Judge - Mrs V. Hepworth
Shih Tzu
Lhasa Apso
Miniature Poodle
Toy Poodle
Standrd Poodle

Ring 5

Judge - Mrs Ann Barker (Rikov)
Rottweiler
Doberman

Judge - Mr Colin Baker (Rikov)
Newfoundland
Rhodesian Ridgeback

Ring 6

Judge - Lucy Trethorn (Pahlevi)
Whippet
Afghan Hound

Judge - Joy Carr-Tomlinson
C.K.C.S
King Charles Spaniel

Ring 7

Judge - Mr Colin Haigh (Neustro)
Golden Retriever
Labrador Retriever
Pointer
English Setter
Irish Setter

Judge - Ms E. Ruddell (Cheminee)
Cocker Spaniel

Ring 8

Judge - Mr Nick Connell (Sonorra)
Staffordshire Bull Terrier
Border Terrier
W.H.W.T
Airdeale Terrier

Judge - Ron Davies (Avapal)
Bulldog

:: Barrowford Show Welcome ::


----------



## ChowChowmum (Apr 11, 2010)

Hi, I am thinking of entering Barrowford but not sure if I will be in Devon that weekend! If we are up North we might see you there!


----------



## leoti (Dec 9, 2007)

Can i just point out that the Schedule is from last year not this year , i know it s right as spoke to Vanessa Hepworth on Saturday at a show


----------



## Tigerneko (Jan 2, 2009)

leoti said:


> Can i just point out that the Schedule is from last year not this year , i know it s right as spoke to Vanessa Hepworth on Saturday at a show


haha really? I just copied it off the website, is there one for this year?
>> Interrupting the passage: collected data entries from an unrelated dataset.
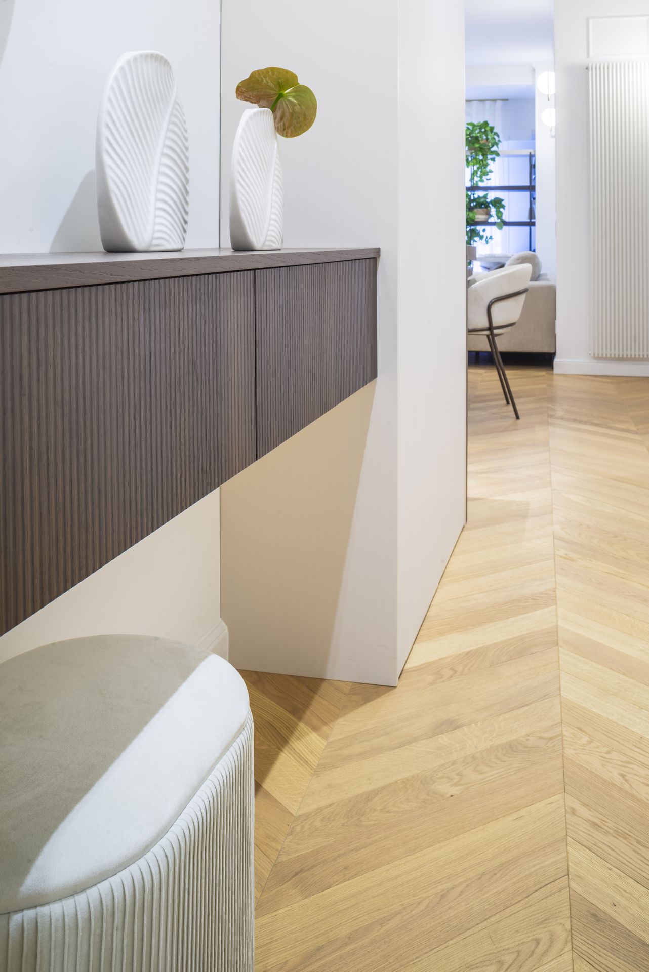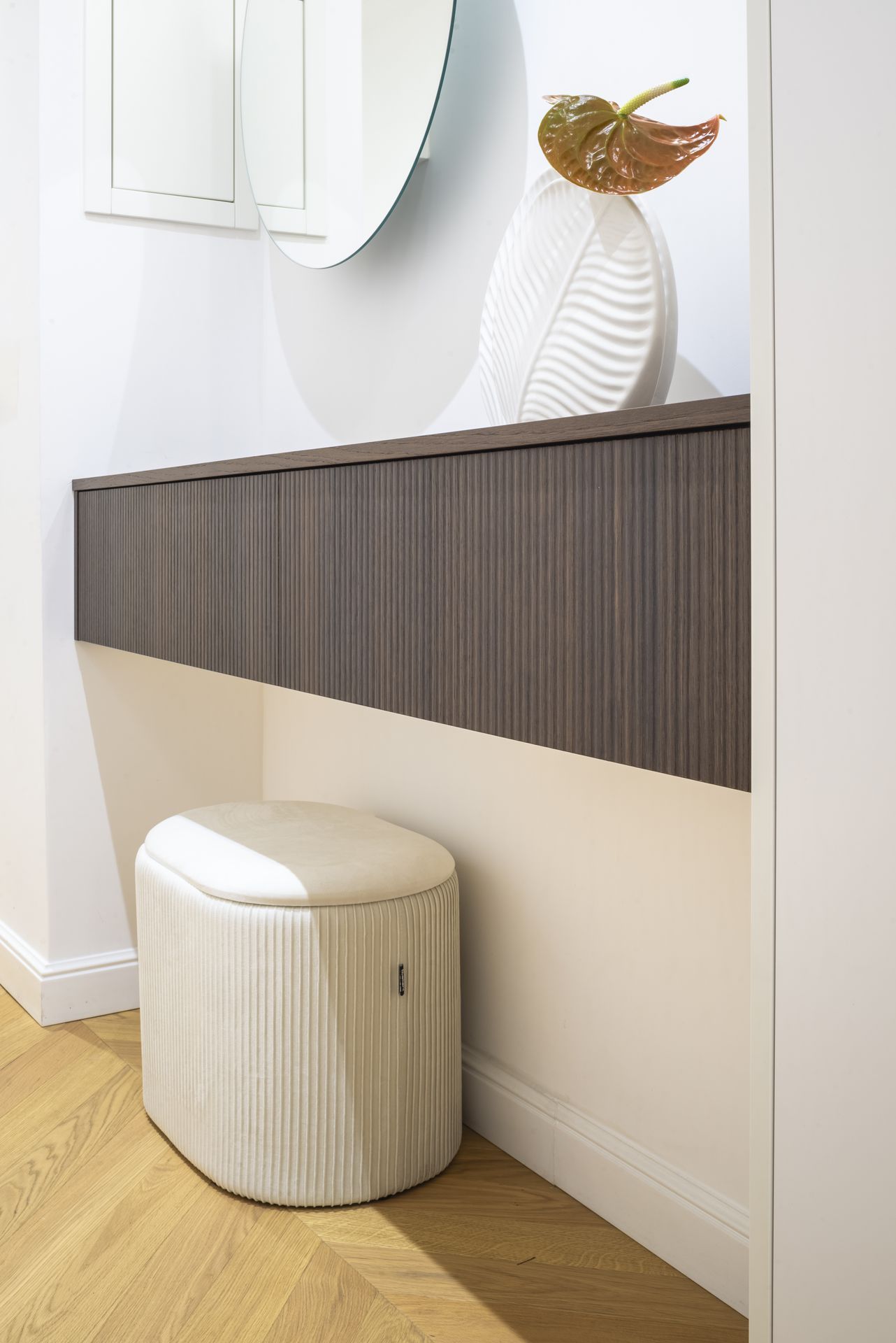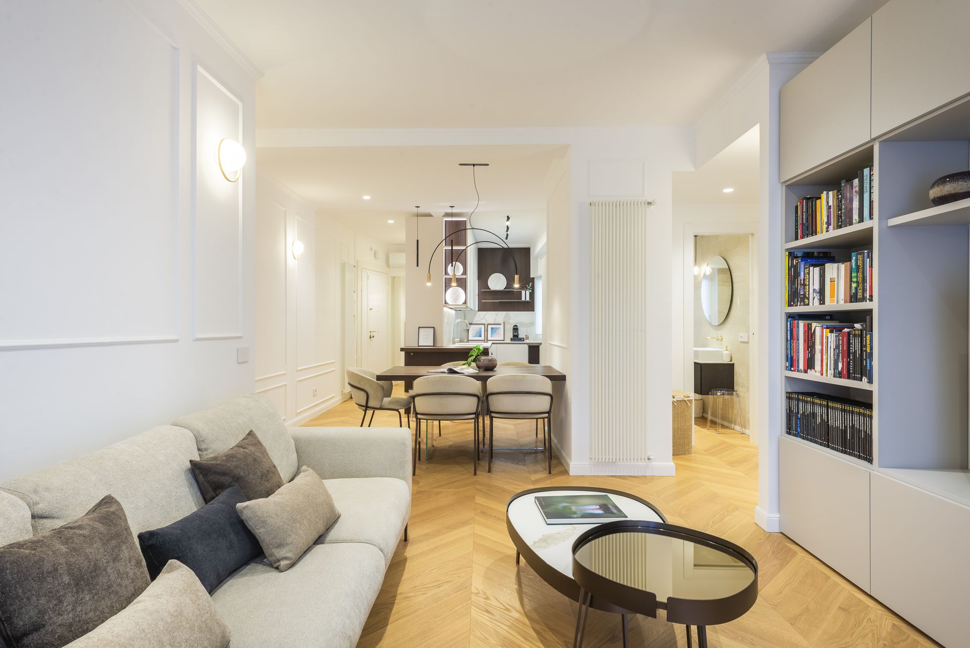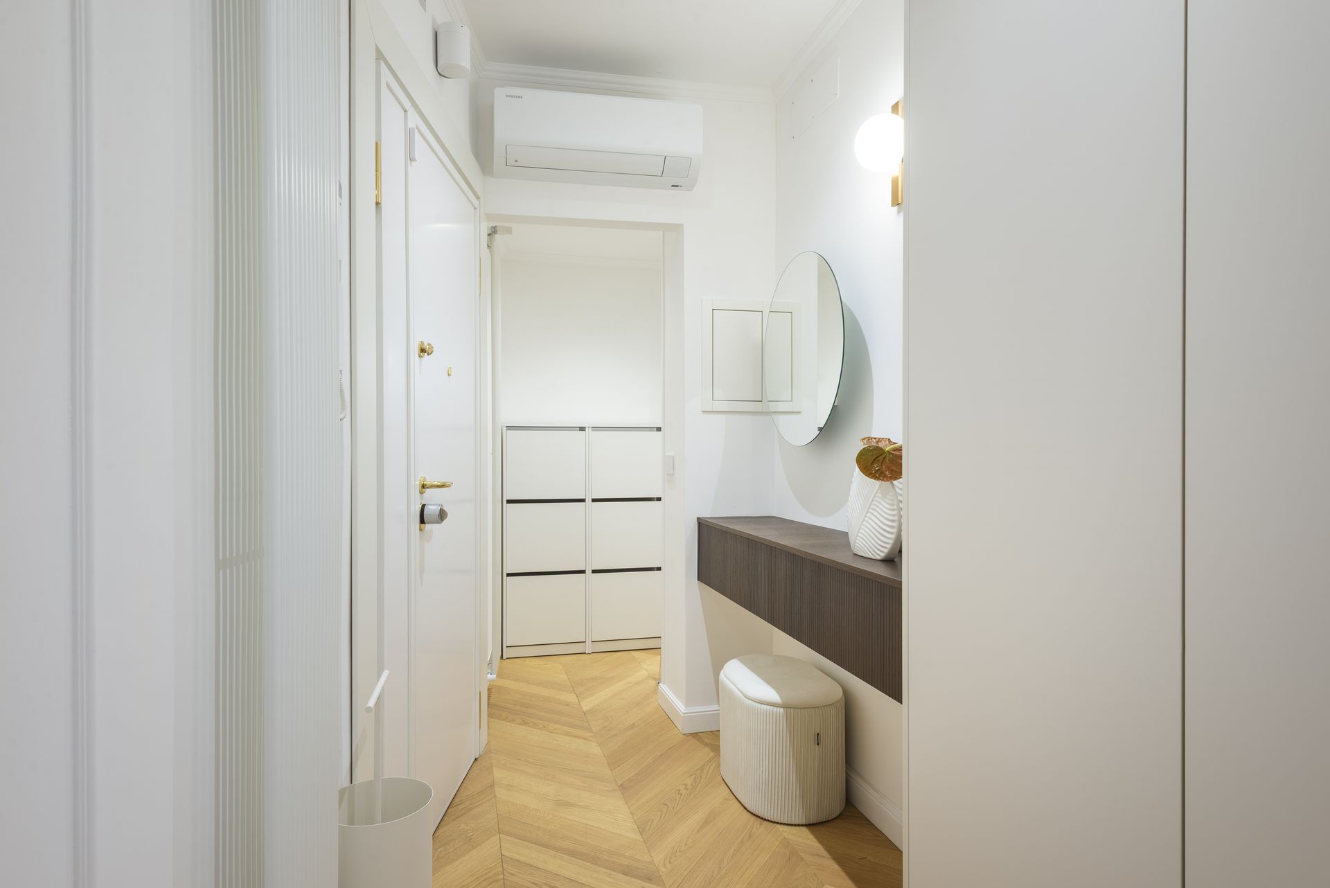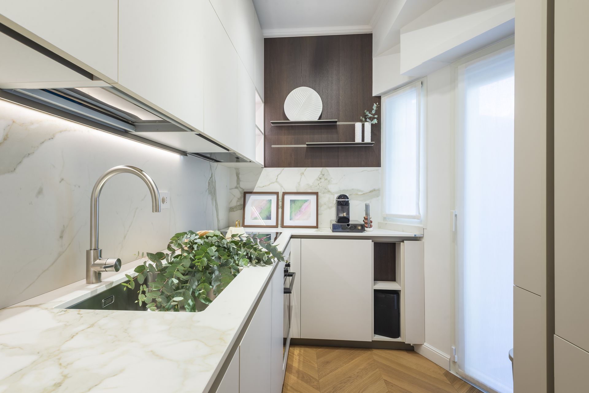Casa Violetta è un progetto di ristrutturazione di circa 90 mq, nato con l’obiettivo di ottimizzare gli spazi e renderli fluidi, luminosi e perfettamente aderenti alle abitudini di chi vive la casa.L’ingresso è stato concepito come un corridoio attrezzato, non solo spazio di passaggio ma vero elemento funzionale dell’abitazione: una cappottiera su misura, un grande specchio e un’area svuotatasche costruiscono un ambiente ordinato, accogliente e immediatamente leggibile.Il cuore della casa è la zona giorno, progettata come uno spazio unico e continuo, in cui le diverse funzioni dialogano in modo naturale. La cucina a L, compatta ma altamente funzionale, è affiancata da un bancone snack e si relaziona direttamente con il tavolo da pranzo, dando forma a un ambiente equilibrato tra operatività e convivialità.Il living si sviluppa lungo la parete finestrata, con un divano ampio e una disposizione studiata per valorizzare al massimo la luce naturale. In questo affaccio trova posto anche uno degli elementi chiave del progetto: un angolo home office, discreto ma strategico, pensato per offrire una postazione di lavoro luminosa senza interrompere la continuità visiva della zona giorno.La distribuzione interna accompagna poi verso la zona notte, composta da una camera matrimoniale, una cameretta e due bagni. Il bagno di servizio, a ridosso della zona giorno, è compatto e funzionale; il bagno padronale, invece, è stato immaginato come uno spazio più ampio e confortevole, completo di doccia e arredi contenitivi integrati.Elemento centrale del progetto è la capacità di trasformare ogni metro quadro in spazio utile, evitando sprechi e valorizzando anche le geometrie irregolari dell’appartamento, che diventano opportunità progettuali anziché limiti.
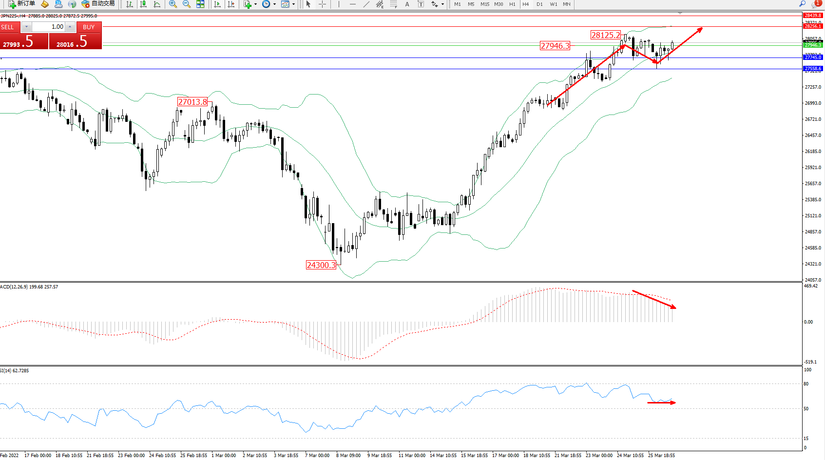 技术点评:多头动力延续布林带指标通道中上轨区间持续震荡上扬,高位抵达28125位置节点后开始维持整理平移,短期多头动力开始减弱,但市场依旧处于上行趋势走势中,布林带指标呈上行趋势走势不断上移后开始有平移迹象,MACD指标处于多头区域维持弱势缓慢下行,RSI指标处于多头区域高位整理缓慢下移后平移;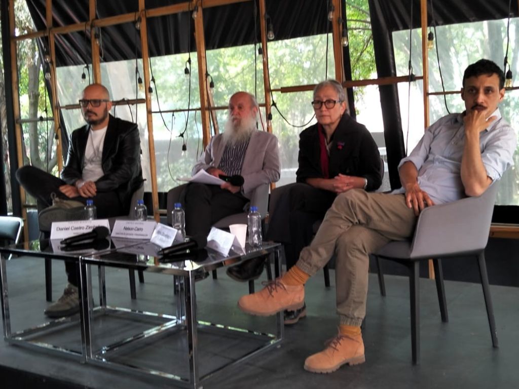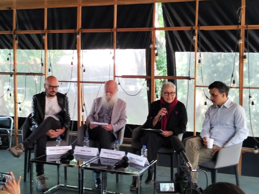 Daniel Castro Zimbrón, Nelson Carro, Marina Stavenhagen y Lázaro G. Rodríguez durante la conferencia de prensa. AMEXI/ Foto Dante Gutiérrez.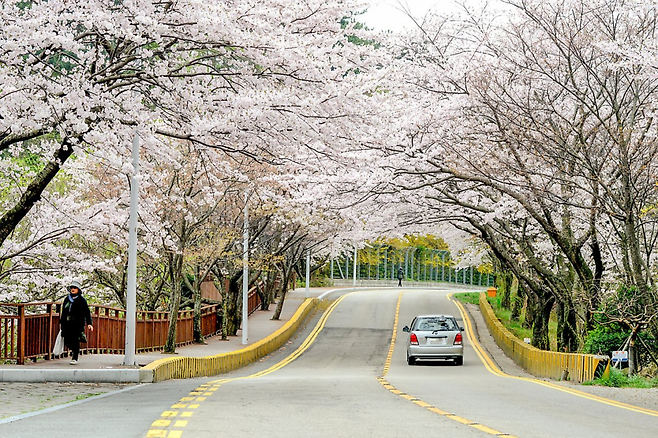 특징: 해안 절벽, 파도 소리, 벚꽃길

It's turned out that it is my weekend off work so I will almost definitely be there, may well be on my own though as work wouldn't let the OH book it off 

Anyone going?


----------



## Tigerneko (Jan 2, 2009)

Just to remind everyone - this is on Sunday (29th August) at Barrowford, Lancashire 

it's an agricultural show as well as a dog show and has loads of attractions! Well worth a day out to for anyone in the area with nothing to do on Sunday


----------